CONTRE LA MARCHE A LA GUERRE EN SYRIE
La grande salle de l’Agéca était presque pleine: près de cent personnes s’étaient déplacées, ce 7 janvier, à l’invitation conjointe du Comité Valmy et du Pôle de Renaissance Communiste en France, pour discuter de la situation en Syrie et des actions à mener pour enrayer l’intervention armée impérialiste en préparation contre le peuple syrien.
Claude Beaulieu, du Comité Valmy, rendit compte en détails d’un voyage sur place à l’automne dernier, où il a rencontré notamment des militaires syriens et des journalistes français. A cette occasion, il a pu mesurer l’ampleur de la manipulation médiatique : tous les morts civils des affrontements sont présupposés « victimes du régime ». Pourtant, l’opposition armée fait des dégâts considérables – comme en témoignent les soldats amputés vus à l’hôpital, survivants de traquenards où on les a appelés pour protéger des civils en danger, et où ils se sont retrouvés abattus par des tireurs embusqués.
Côté médias, silence radio là-dessus, tout comme sur les libérationsde prisonniers consenties par Damas. Silence aussi sur un sondage publié par la chaîne qatari Al Jazira (pourtant anti-Assad), selon lequel 55% des Syriens soutiennent leur régime. Quant aux manifestations pro-Assad, une étrange alchimie les transforme en immanquablement en rassemblements d’opposants sur les chaînes de télévision françaises…
Bruno Drewski, de l’Appel Franco-Arabe, rappela clairement que les guerres menées au nom de la « Démocratie » sont en fait toujours des agressions du fort contre le faible, et que quoi qu’on pense par ailleurs du pays agressé, c’est à son peuple et à lui seul de décider de changer ou non de régime. C’est pourquoi les appels aux sanctions contre Damas – préparatifs évidents à une intervention armée – et l’inquiétante facilité avec laquelle l’opposition dure se procure des armes – preuve d’ingérences étrangères dans le conflit intérieur syrien – doivent décider les progressistes à prendre parti pour Damas contre le « Conseil National Syrien » qui, comme le rappela au passage Claude Beaulieu, a réclamé une intervention armée des puissances impérialistes, alors que de son côté, Sarkozy, dans ses vœux à l’armée à Brest, disant la France prête à intervenir…

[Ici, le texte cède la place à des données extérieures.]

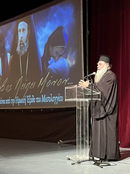 Στην συνέχεια τον λόγο έλαβε ο Αιδεσιμολογιώτατος Πρωτοπρεσβύτερος Κωνσταντίνος Καντάνης, ο οποίος μετέφερε τις ευχές και τις ευχαριστίες του Σεβασμιωτάτου Μητροπολίτου Αιτωλίας και Ακαρνανίας κ. Δαμασκηνού· τις ευχές για την επιτυχία της ταινίας και τις ευχαριστίες για το γεγονός ότι η Κινηματογραφική Ομάδα μιας Βορειοελλαδίτικης ιστορικής Μητροπόλεως ασχολήθηκε με την ένδοξη ιστορία του Μεσολογγίου. Ενημέρωσε δε το κοινό ότι η ταινία αυτή θα ταξιδέψει σε όλη την Ελλάδα μέσω της Επιτροπής Νεότητος της Ιεράς Συνόδου της Εκκλησίας της Ελλάδος, ώστε να την δουν τα παιδιά και οι νέοι μας. Ακολούθησε η προβολή της ταινίας, στην οποία το κοινό ανταποκρίθηκε με ενθουσιασμό, συγκίνηση και παρατεταμένο χειροκρότημα.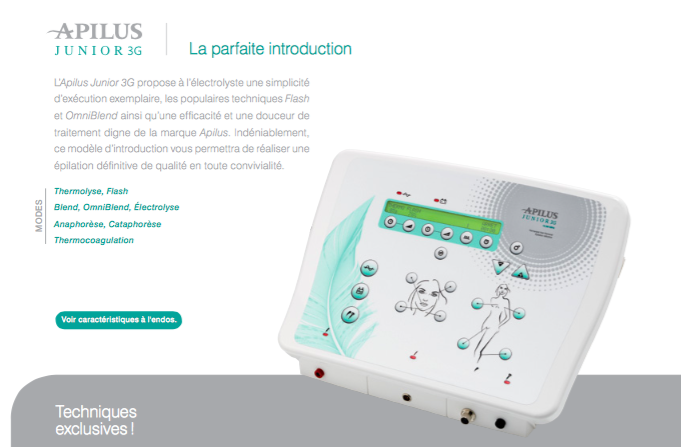 Modalités de traitement: thermolyse, flash, blend, omniblend, électrolyse, anaphorèse, cataphorèse, thermocoagulation Programme de cataphorèse pour soins post-épilatoires personnalisés Analyseur de la tolérance de votre client Analyseur d'hydratation de la peau Fonction de méso-ionisation pour soins esthétiques spécialisés Mode automatique pour opération sans pédale GARANTIE 3 ANS MADE IN CANADA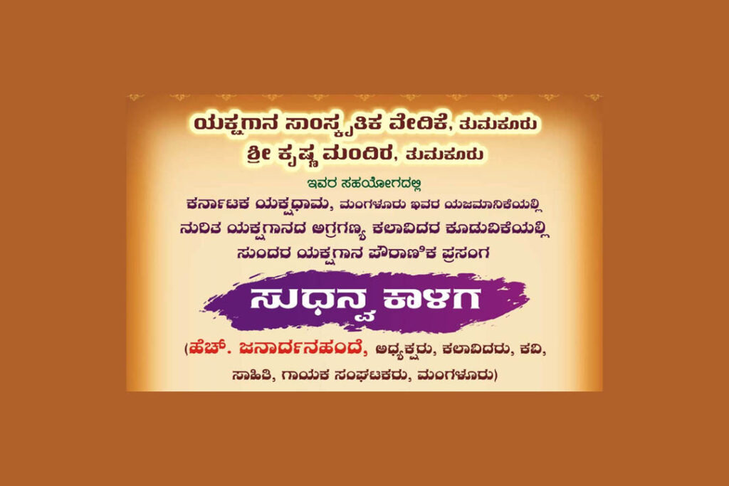 ತುಮಕೂರು : ಯಕ್ಷಗಾನ ಸಾಂಸ್ಕೃತಿಕ ವೇದಿಕೆ ತುಮಕೂರು ಮತ್ತು ಶ್ರೀ ಕೃಷ್ಣ ಮಂದಿರ ತುಮಕೂರು ಇವರ ಸಹಯೋಗದಲ್ಲಿ ‘ಸುಧನ್ವ ಕಾಳಗ’ ಯಕ್ಷಗಾನ ಬಯಲಾಟವು ದಿನಾಂಕ 28-10-2023ರ ಶನಿವಾರ ಸಂಜೆ ಘಂಟೆ 4.30ಕ್ಕೆ ತುಮಕೂರಿನ ಶ್ರೀ ಕೃಷ್ಣ ಮಂದಿರದಲ್ಲಿ ಪ್ರದರ್ಶನಗೊಳ್ಳಲಿದೆ.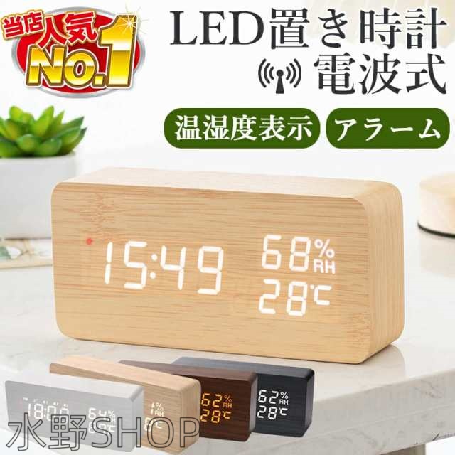 置き時計 電波時計 デジタル 置時計 卓上 おしゃれ 子供 インテリア 時計 温度計 大音量 ライト LED アラームクロック デジタル時計 シンプル リビング かわいい 卓上時計 LED表示 温度 湿度計 日付 寝室 木目調 充電式 ギフト【500円クーポン対象】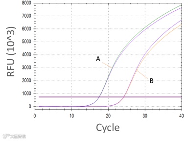 基因 A 的两条曲线(一条来自单孔,另一条来自混合孔)都是相同的。基因 B 也是如此。因此,两种 Assay 之间不存在负面抑制作用,则可以继续检测未知样本。但是,如果基因 A 或 B 的 Cq 值在单孔和复孔之间有显著差异,那么这可能表明这两种 Assay 不能很好地组合在一起,可能需要重新优化。

Prenant la parole pour le P. R. C. F. , Vincent Flament commença par comparer les communiqués du Parti Communiste Syrien (pour qui « tout changement interne doit être considéré comme partie intégrante de la souveraineté nationale de n’importe quel pays »), et du P. C. F., qui, dans un communiqué du 30 décembre, appelle carrément la France et l’Union Européenne à renforcer les sanctions pour « isoler le régime de Damas ». Le P. C. S. ne dispense pas de critiquer Bachar el Assad, dont il était un opposant résolu jusqu’à ce que les événements de ces derniers mois l’amènent à une politique d’unité nationale, et il se félicite des résultats obtenus par les manifestations pacifiques réclamant la démocratisation du régime. Mais il réfuse à juste titre l’ingérence étrangère, tandis que le P. C. F. réclame son amplification ! Tous les vrais progressistes de France doivent se mobiliser et se préparer à des manifestations publiques pour éviter la réédition de l’opération contre la Libye.
Enfin, le Colonel Corvez, de Résistance et Renouveau Gaulliste, organisation membre de l’Arc Républicain de Progrès comme le Pôle et Valmy, revenu lui aussi de Syrie, fit état de la présence de forces spéciales françaises et turques au Qatar pour entraîner l’« Armée Libre de Syrie », de provocations armées lors de manifestations, et de l’action de tireurs isolés pour faire dégénérer la situation. Il rappela que Damas avait consenti de nombreuses réformes – censurées par nos médias – dont la suppression de l’article 8 de la Constitution, qui assurait la prééminence du parti Baath, et la libération de la presse. Il montra aussi le risque grave d’une escalade et d’une internationalisation du conflit, car la Chine et la Russie étaient cette fois décidées à faire obstacle aux U. S. A.
Le débat avec la salle, riche et animé, montra une réelle volonté des participants d’agir pour éviter la guerre. Des Syriens vivant en France informèrent l’assemblée de la tenue de manifestations régulières à Paris dans ce sens – et des nombreuses menaces et agressions dont elles étaient l’objet. Il se trouva bien quelqu’un pour oser proposer de contacter le Front National afin de rassembler largement en faveur du régime syrien, mais il se fit séchement contrer, notamment par des militants du P. R. C. F., et son discours ne rencontra aucun écho. Après quatre heures d’échanges, la tenue d’une nouvelle réunion davantage tournée vers l’action pratique fut décidé pour la mi-février.